Birçok insan için dünya, onların baktığı yerden ya da yetiştirilme tarzlarından ibarettir. Eğer küçük bir kasabada büyüdüyseniz, geniş bir şehirde yaşamayı ya da farklı kültürlere açık olmayı anlamanız çok daha zor olabilir. Ve tam da burada önyargılar devreye girer. Farklı olanı anlamak ve kabul etmek çoğu zaman zor gelir çünkü bilinmeyen şeylere dair korkular ve yanlış anlamalar vardır. Başka bir dini inancı olan birini gördüğümüzde ya da farklı bir yaşam tarzını benimsediğini fark ettiğimizde, bu farklar genellikle bizi rahatsız eder. Bu rahatsızlık, çoğu zaman bilinçaltında yer eder ve yavaşça önyargılara dönüşür.
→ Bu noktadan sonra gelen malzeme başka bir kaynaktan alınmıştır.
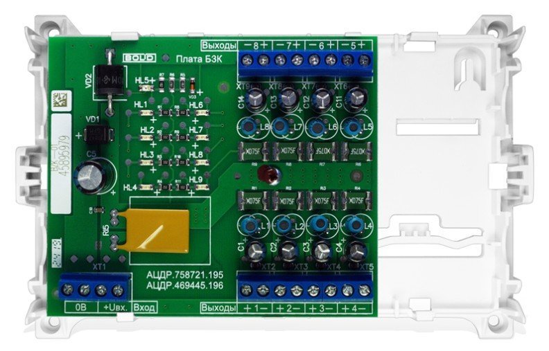 Блок защиты коммутационный. Блок защитный коммутационный на 8 выходов Входное напряжение 10-30 В. Ток по каждому каналу - до 1,0 А, от минус 30 до +50°С
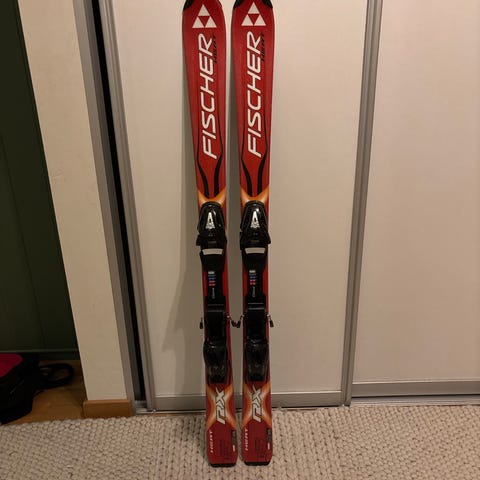 X-Team slalomskidor, 120 cm. Skidorna har integrerade bindningar. Funkar fint! Stavarna kan ingå om man vill.
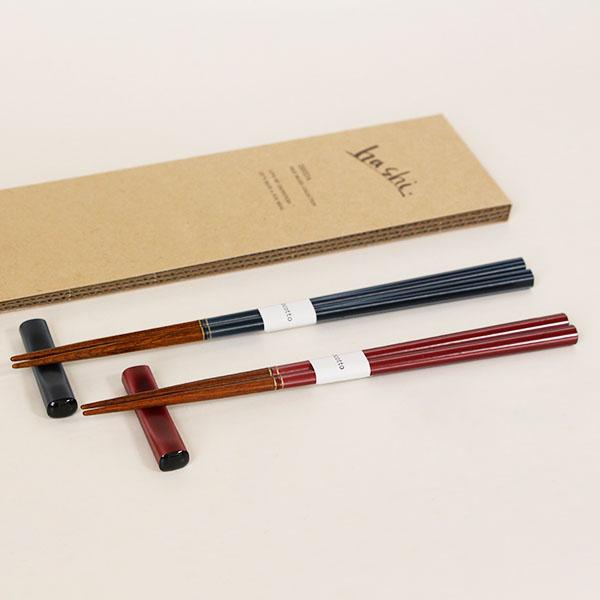 箸・箸置きは、落ち着いた深い青色、温かみのある赤色が施されており、どちらもエレガントな雰囲気を演出します。
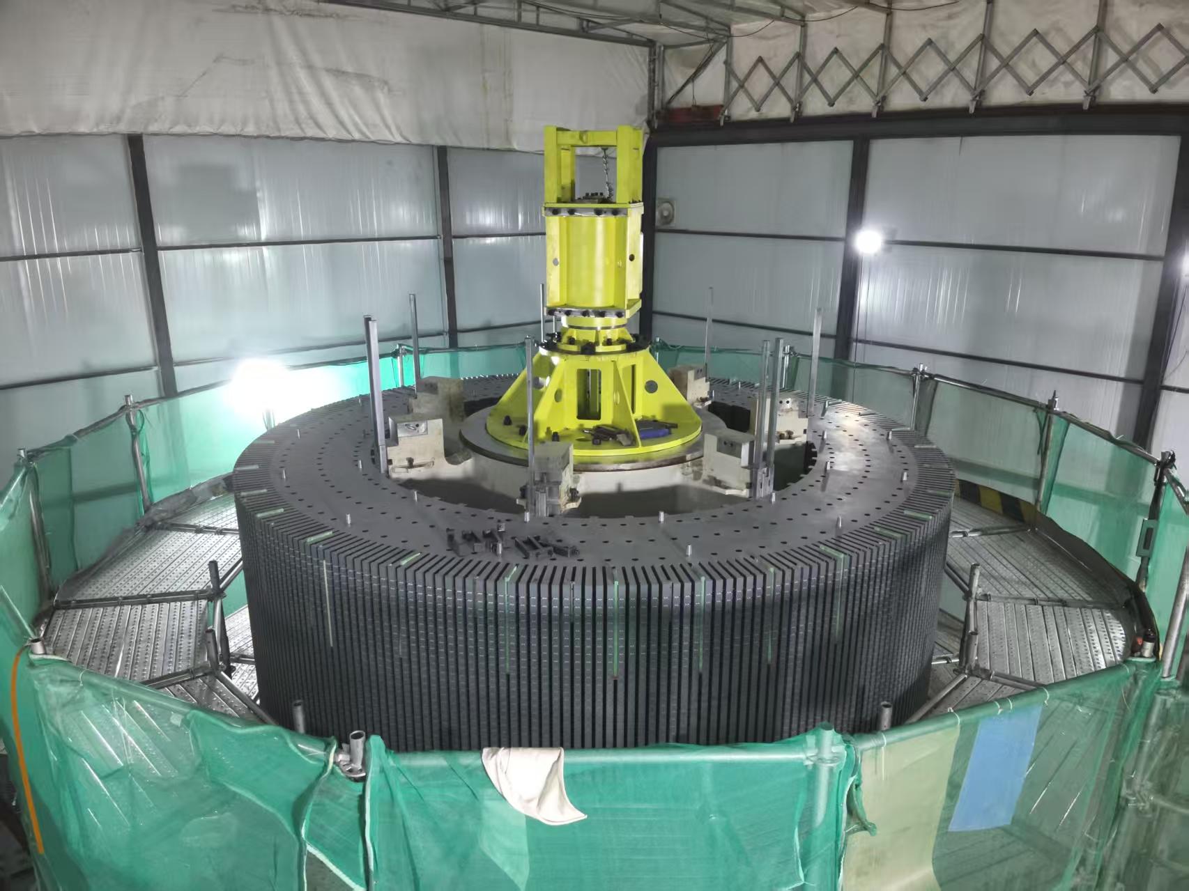 转子铁芯是变速抽蓄机组的关键部件,由6万多片0.65毫米厚度的硅钢片叠压而成。“我们要先通过加热把转子铁芯压紧牢固,再用切向键和径向键把铁芯和中心体锁在一起,这对整个工艺管控要求非常高。”赵磊指着高3.5米、直径5米的机组转子铁芯说,“在自主研制过程中,我们坚持正确的技术路线,通过严苛的实验论证、高质量的生产制造,攻克了一系列技术难题。现在进入现场安装的关键环节,安装质量直接决定机组能否高效稳定运行,施工工艺与操作规范更是设备投用后性能达标的关键,我们的工作容不得半点马虎。”

Medya da bu önyargıların pekiştirilmesinde büyük bir rol oynar. Özellikle televizyon dizileri, haber programları ya da sosyal medyada gördüğümüz her şey, kafamızda var olan kalıplara uygun şekilde düzenlenir. Mesela, bir suç haberinde ya da bir dramatik olayda, suçlu genellikle toplumun dışladığı, normlara uymayan bir kişi olarak tasvir edilir. Oysa, bu haberlerin tamamı gerçeği tam olarak yansıtmaz. Ama biz yine de “bu tür insanlar” hakkında bir fikre sahip oluruz.
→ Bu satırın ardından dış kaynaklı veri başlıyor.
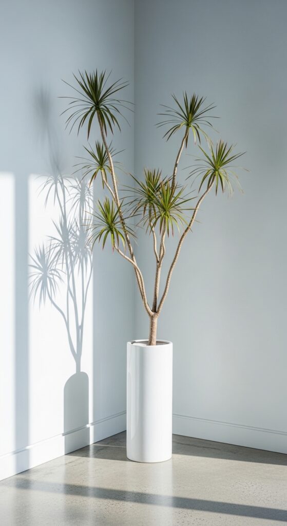The Dragon Tree has a thin, architectural trunk and spiky leaves. In a white tall-tapered pot, it looks like something out of a high-end furniture magazine. It adds height without adding “bulk,” which is a key trick in minimalist design. It’s great for placing behind a sofa to add a layer of depth to the room.
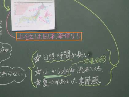 5年3組 社会 米作りのさかんな地域 2 公開日 2022/07/07 更新日 2022/07/07 5年 夏場の日照時間の長いのが日本海側で,生産量上位も日本海側であることから,日照時間を米作りの大切な条件だと考えました。
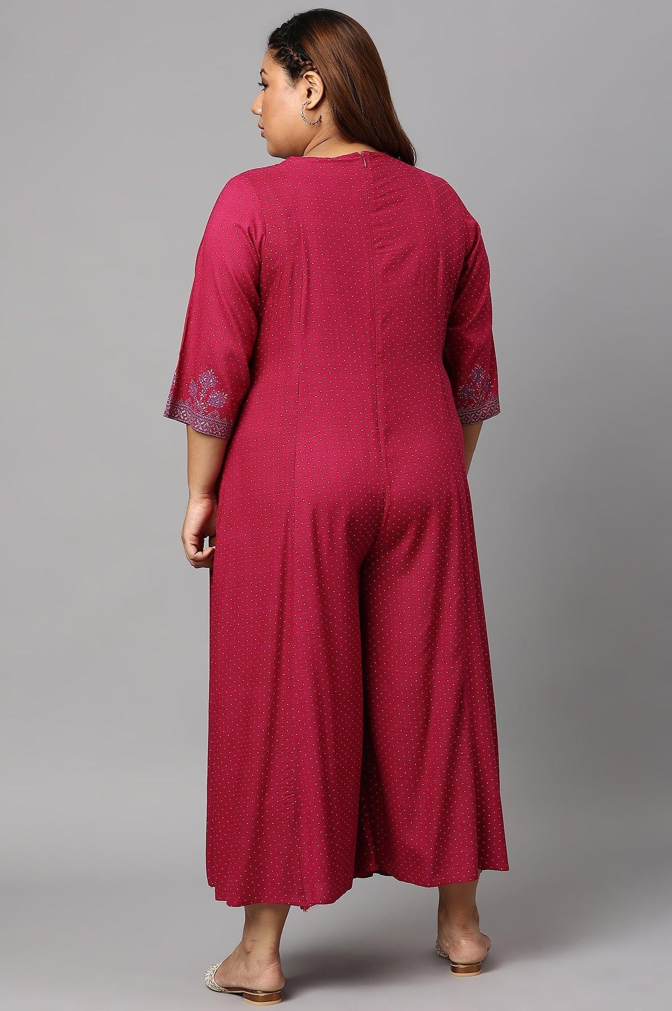 Rasberry Wine Liva Eco Glitter Printed Mock Layered Kimono Jumpsuit In Rayon With Sequin Highlighting On The Neck

Bir de önyargılar sadece başkalarına karşı değil, kendimize karşı da gelişebilir. Kendi potansiyelimizi küçümsemek, başarısızlık korkusu yüzünden bir şeylere cesaret edememek de bir tür önyargıdır. Kendi sınırlarımızı başkalarının gözünden görmek, hayallerimize bile engel olabilir. Ve bunu fark etmek bazen yıllar alır.
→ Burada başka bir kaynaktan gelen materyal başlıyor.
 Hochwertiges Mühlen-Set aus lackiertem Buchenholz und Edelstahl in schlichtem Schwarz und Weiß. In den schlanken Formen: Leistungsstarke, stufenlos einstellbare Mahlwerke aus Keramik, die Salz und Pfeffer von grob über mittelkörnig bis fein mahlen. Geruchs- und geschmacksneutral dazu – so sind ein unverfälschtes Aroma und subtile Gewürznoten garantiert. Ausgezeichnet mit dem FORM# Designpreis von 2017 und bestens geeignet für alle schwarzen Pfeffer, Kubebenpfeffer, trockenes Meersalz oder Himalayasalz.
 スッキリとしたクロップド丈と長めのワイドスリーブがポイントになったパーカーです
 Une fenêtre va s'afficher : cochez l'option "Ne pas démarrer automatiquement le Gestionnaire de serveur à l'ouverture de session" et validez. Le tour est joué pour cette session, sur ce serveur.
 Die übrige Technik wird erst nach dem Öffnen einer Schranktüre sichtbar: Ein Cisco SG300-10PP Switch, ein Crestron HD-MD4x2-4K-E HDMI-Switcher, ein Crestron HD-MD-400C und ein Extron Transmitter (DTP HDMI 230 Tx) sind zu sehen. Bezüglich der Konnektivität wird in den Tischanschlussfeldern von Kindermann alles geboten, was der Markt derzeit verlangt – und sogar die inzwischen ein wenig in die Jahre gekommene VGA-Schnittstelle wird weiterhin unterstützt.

Bunları düşündükçe, önyargıların ne kadar güçlü ve gizli bir etki yarattığını daha iyi kavrayabiliyoruz. Bu etkiyi kırmak kolay değil. Önyargılar, ne yazık ki, çoğu zaman yaşam tarzımıza, sosyal çevremize ve eğitimimize göre şekillenir. Ama önemli olan, farkında olmak. Kendi düşünce kalıplarımızı sorgulamak ve her yeni karşılaşmayı, her yeni insanı, her farklı durumu, önyargılardan arındırarak değerlendirmeye çalışmak. Sadece bu şekilde, gerçekten dünyayı olduğu gibi görmeye başlayabiliriz.